## Task details
Starting at the line that contains "Patriotic American Flag", print each line exactly through the end of the listing. Skip any pictures and add nothing.

## Dataset extract
===
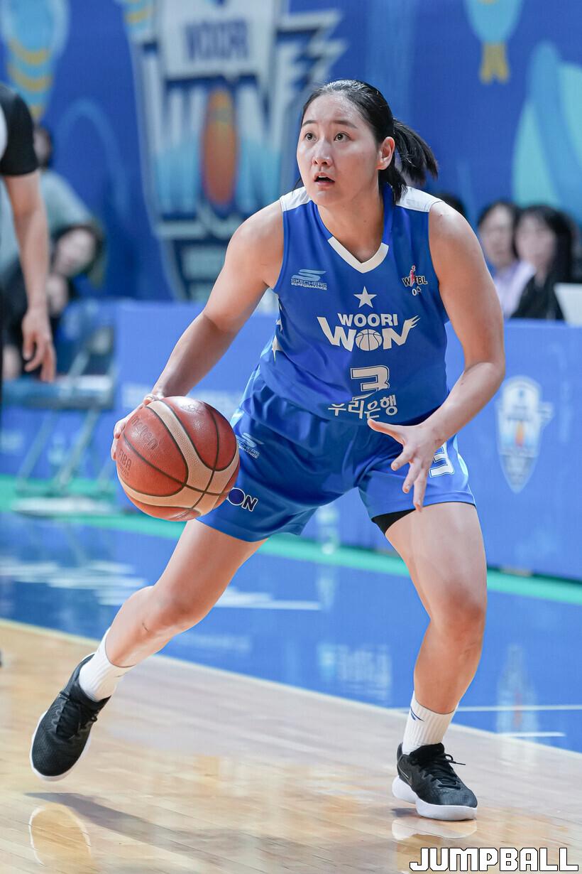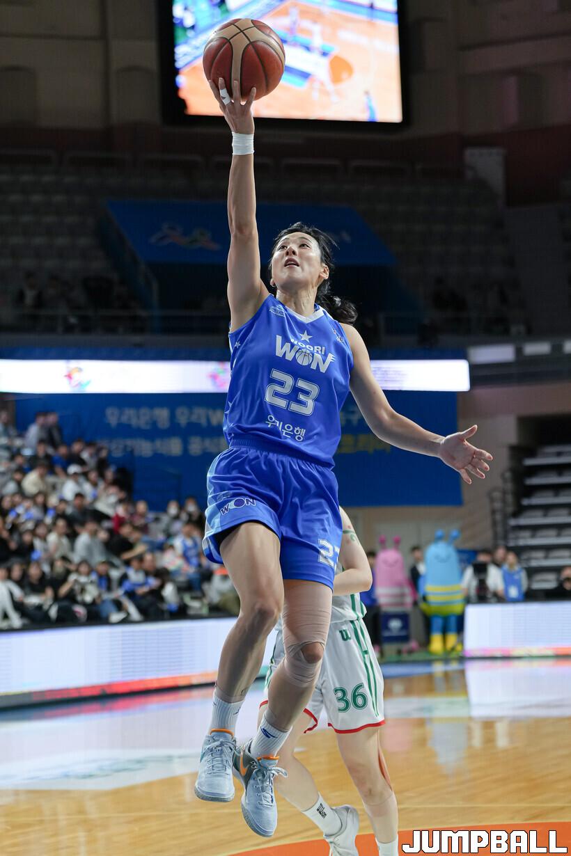 1쿼터를 18-21로 뒤진 우리은행은 2쿼터 미야사카 모모나의 3점슛과 레이업으로 분위기를 가져왔다. 고서연에게 잇달아 3점슛을 맞았지만 변하정과 김단비가 득점을 올렸다. 하나은행이 고서연을 앞세워 다시 도망갔으나 스나가와 나츠키가 자유투로 득점을 더했다. 한엄지가 골밑슛을 성공시킨 우리은행은 35-35, 동점을 만들며 전반전을 마쳤다.
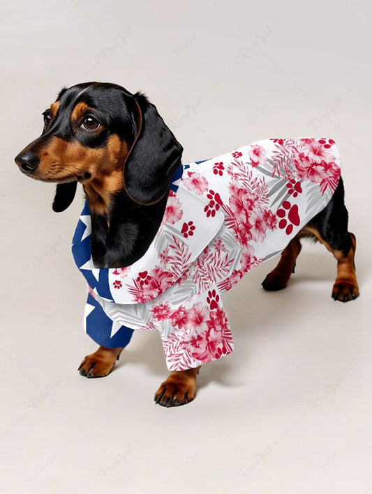 Patriotic American Flag Dog Hibiscus Floral Tropical Leaves Paw Print Shirt Dog And Owner Matching Outfits
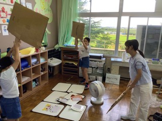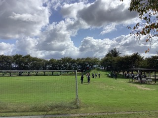 そよ風保育園の太陽組さんが、親子遠足で立ち寄ってくれました。 学校探検をしてからグラウンドで遊びました。 いいお天気で良かったですね。次の目的地まで、行ってらっしゃい。
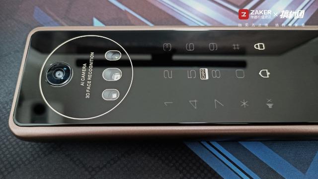 看看外側面板的細節,面板上部則是這款門鎖最引人注目的地方。上面一個碩大的175°超廣角鏡頭,下面則是人臉識別模組。這里的人臉識別模組區別一般手機的二維圖像人臉識別,而是一塊3D結構光人臉識別模組。
===
## Task solution
 Patriotic American Flag Dog Hibiscus Floral Tropical Leaves Paw Print Shirt Dog And Owner Matching Outfits
 そよ風保育園の太陽組さんが、親子遠足で立ち寄ってくれました。 学校探検をしてからグラウンドで遊びました。 いいお天気で良かったですね。次の目的地まで、行ってらっしゃい。
 看看外側面板的細節,面板上部則是這款門鎖最引人注目的地方。上面一個碩大的175°超廣角鏡頭,下面則是人臉識別模組。這里的人臉識別模組區別一般手機的二維圖像人臉識別,而是一塊3D結構光人臉識別模組。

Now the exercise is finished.